COLLECTED MATERIAL -
--- START ---

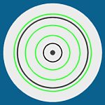 Kreismarkierungen der Pappscheibe (hier grün) exzentrisch um den
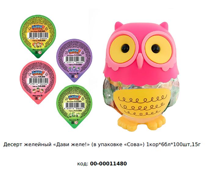 Десерт желейный “Дави желе!” (в упаковке “Сова”) 1кор*6бл*100шт, 15 г
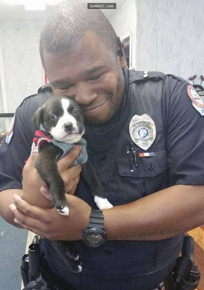 ▼4. 警察收養小狗,給了牠一個大大的擁抱。
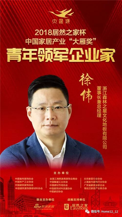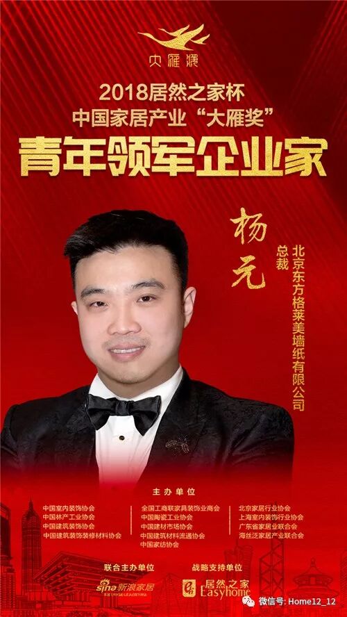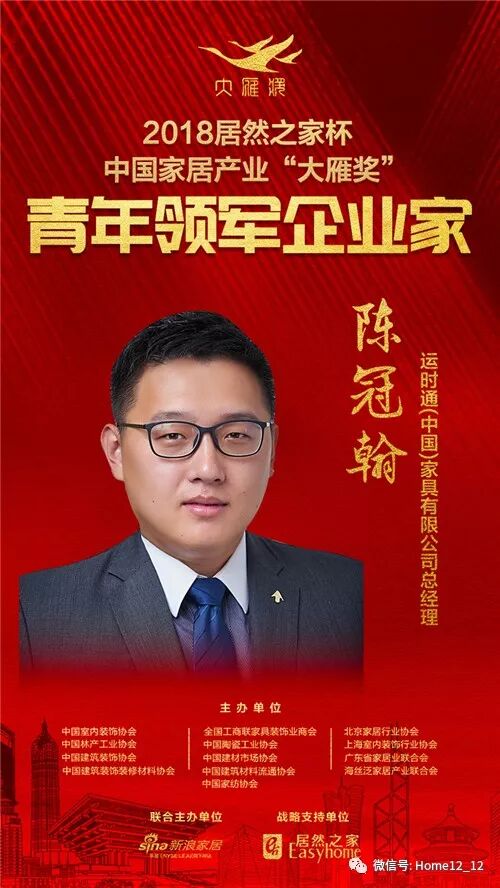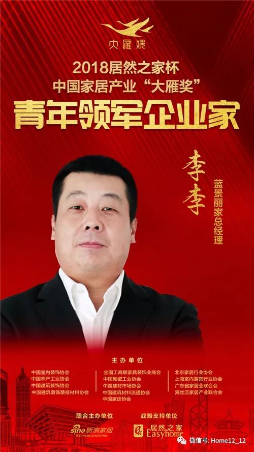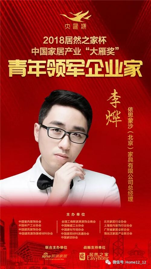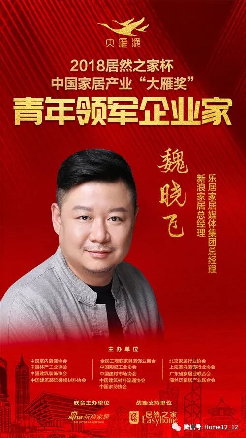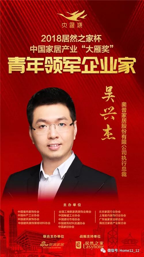 2019年1月6日,在北京国家会议中心举行的第六届中国家居产业发展年会暨中国家居产业领袖峰会现场,2018“居然之家杯”中国家居产业“大雁奖”青年领军企业家榜单揭晓。

--- END ---

DIRECTIONS - The material should be duplicated word for word, with no images included.

TASK SOLUTION -
 Kreismarkierungen der Pappscheibe (hier grün) exzentrisch um den
 Десерт желейный “Дави желе!” (в упаковке “Сова”) 1кор*6бл*100шт, 15 г
 ▼4. 警察收養小狗,給了牠一個大大的擁抱。
 2019年1月6日,在北京国家会议中心举行的第六届中国家居产业发展年会暨中国家居产业领袖峰会现场,2018“居然之家杯”中国家居产业“大雁奖”青年领军企业家榜单揭晓。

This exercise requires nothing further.